Stone Energy’s 2018 Capital Program: What to Expect

Stone Energy’s 2018 capex

In this part, we’ll discuss Stone Energy (SGY)—the final company in the top-five lineup of upstream companies with the highest forecast capex (capital expenditure) growth in 2018 compared to the levels in 2017. Stone Energy’s management forecast a capex of $212 million in 2018 compared to $154 million spent in 2017, which is ~38% growth.

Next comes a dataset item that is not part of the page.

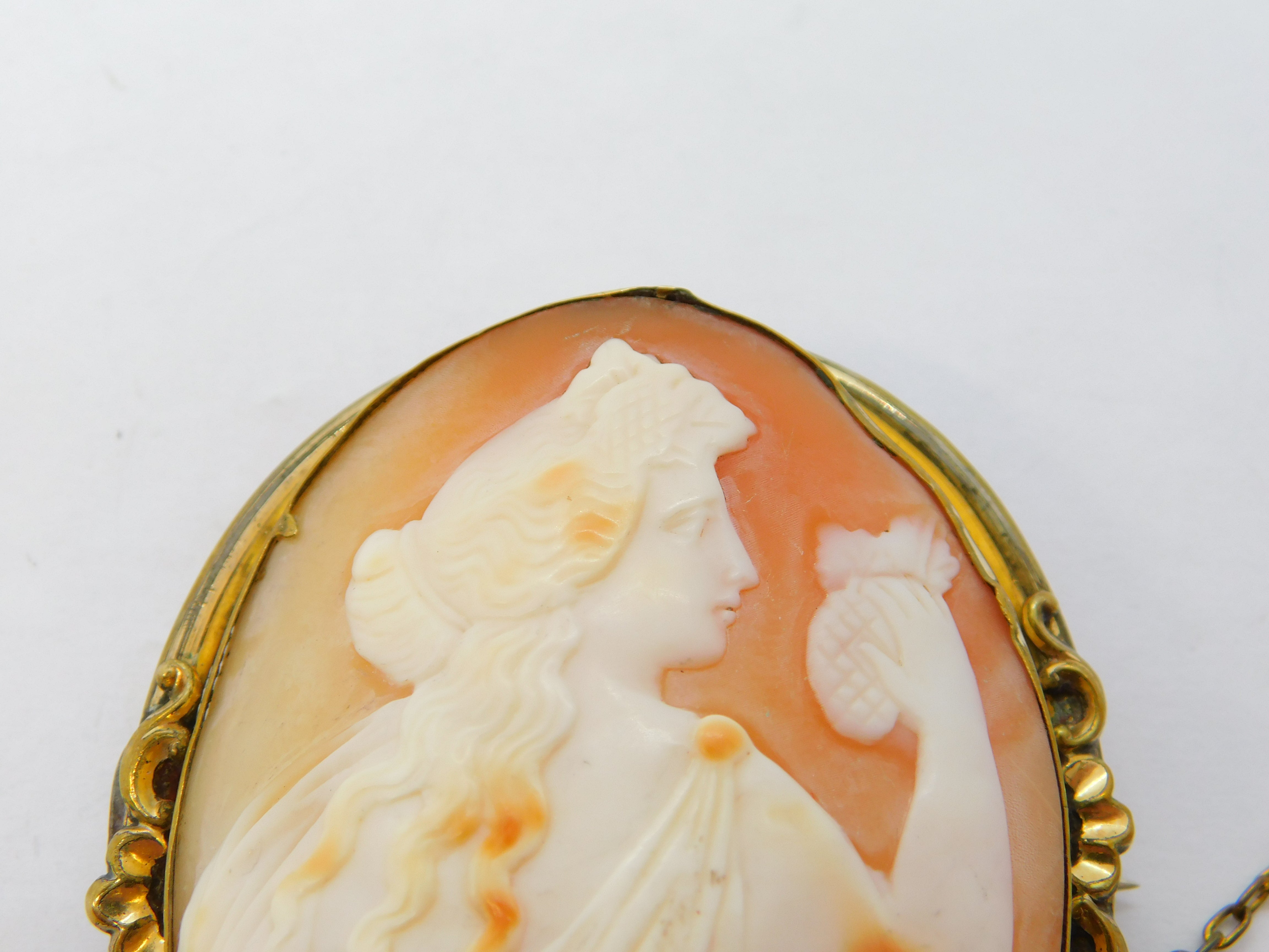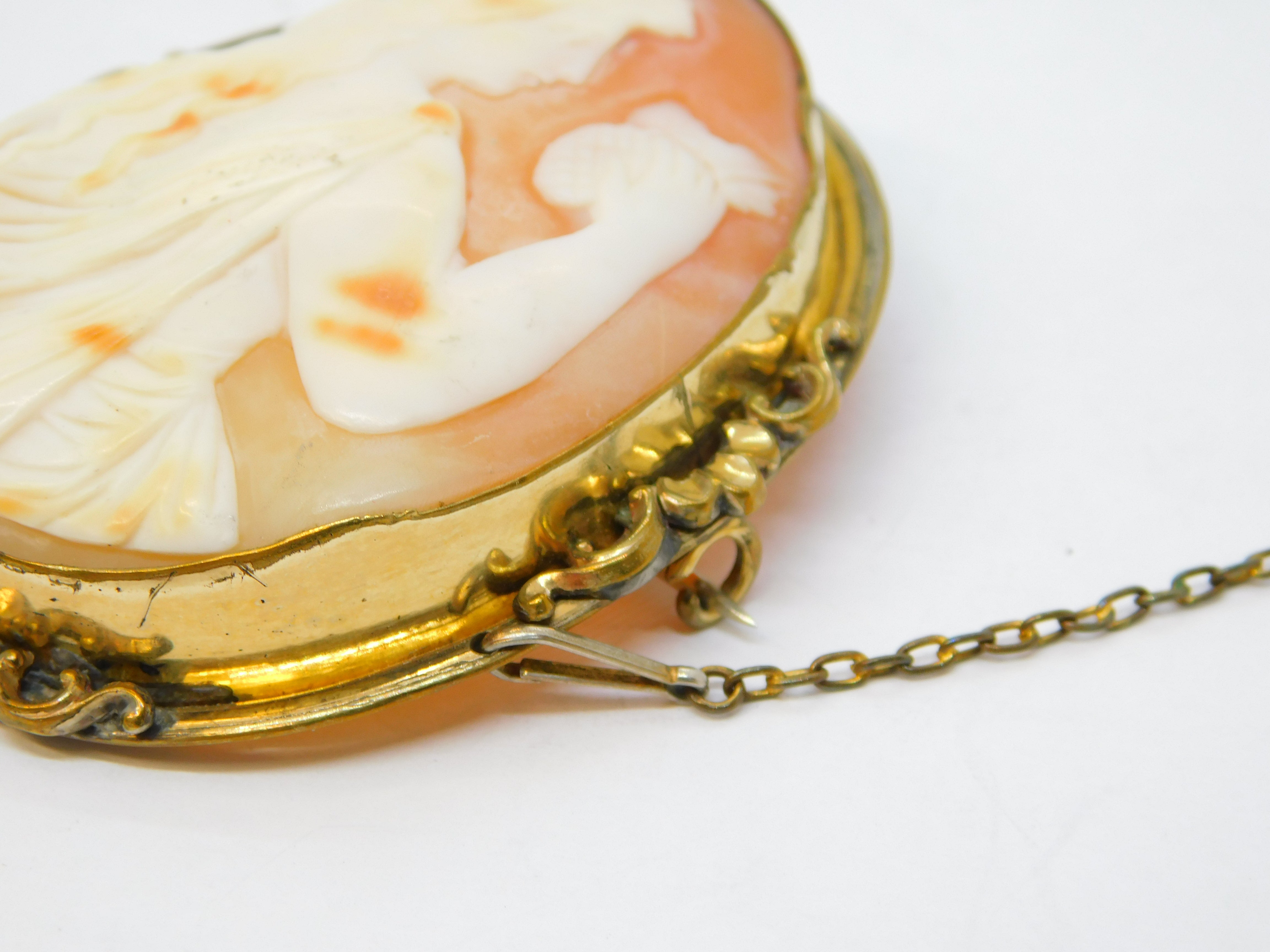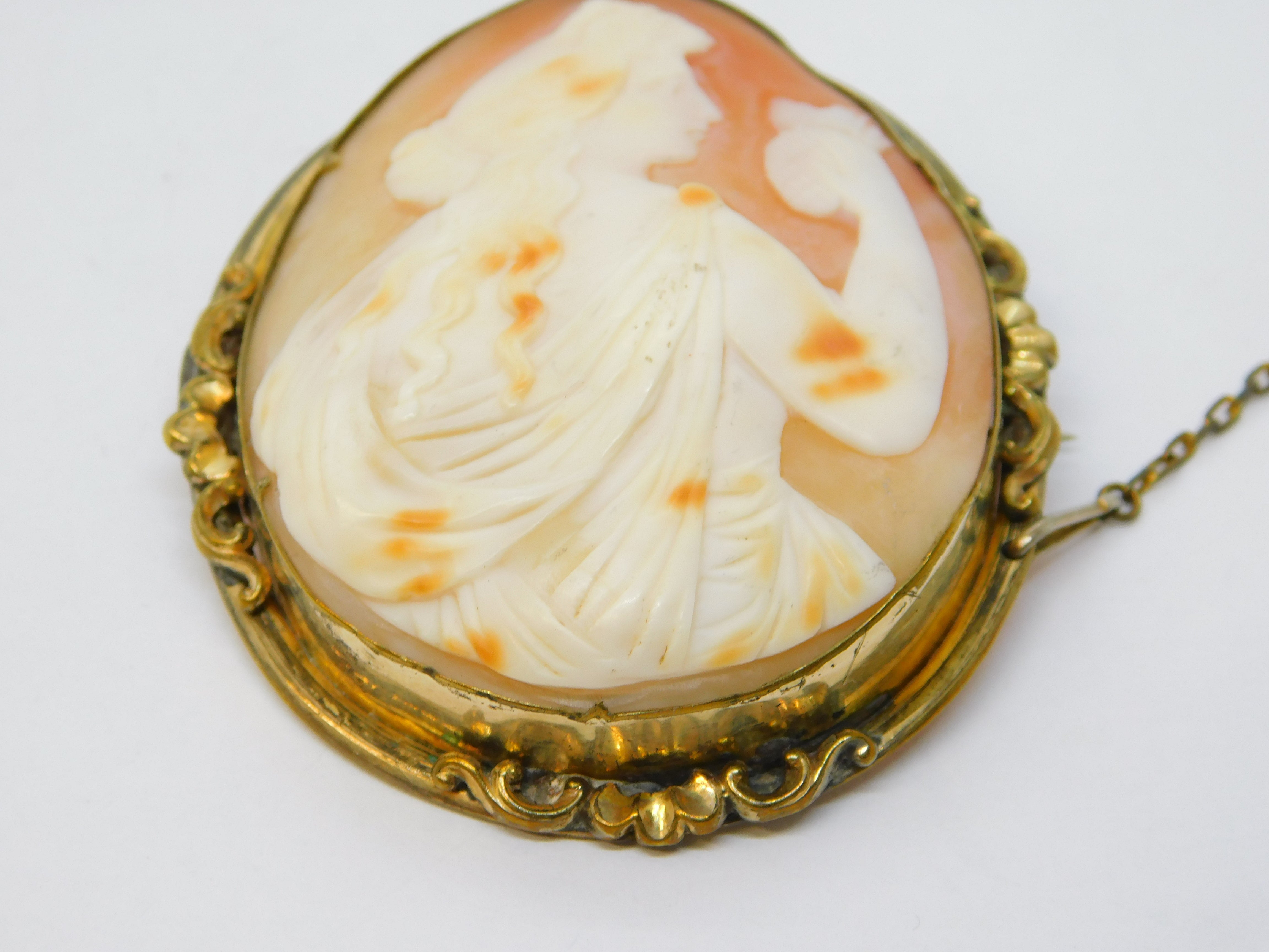 Details: A fantastic and wonderfully designed antique Victorian rolled gold mounted large shell cameo brooch pin depicting the goddess Athena c1860, wonderful cameo in nice order. This is a wonderful item that would make a perfect gift or addition to any collection.

Stone Energy’s 2018 Capital Program: What to Expect

The forecast capex doesn’t include the effect of the potential Talos combination. In November 2017, Stone Energy announced its decision to combine with Talos Energy LLC. Under the agreement terms, Talos Energy LLC and Stone Energy will both become wholly-owned subsidiaries of a new holding company, which will become a publicly traded entity. The combined company will be named “Talos Energy.” At closing, Talos shareholders will own 63% of the new combined company, while Stone Energy shareholders will own 37%.

The only update provided is that the combination is “progressing.” The all-stock transaction is expected to close during 2Q18. As you can see in the above chart on the right, the combined capex is expected to be $440 million.

2018 capex plans

Around 36% of Stone Energy’s 2018 capex is allocated to exploration, 27% is allocated to development, and 37% is allocated to plugging and abandonment expenditures. In a press release, Stone Energy said, “The allocation of capital across the various areas is subject to change based on several factors, including permitting times, rig availability, non-operator decisions, farm-in opportunities, and commodity pricing.”

2018 production growth forecast

The combined company’s production is expected to average ~48.5 Mboe/d in 2018. Stone Energy’s fiscal 2017 production was 21.9 Mboe/d.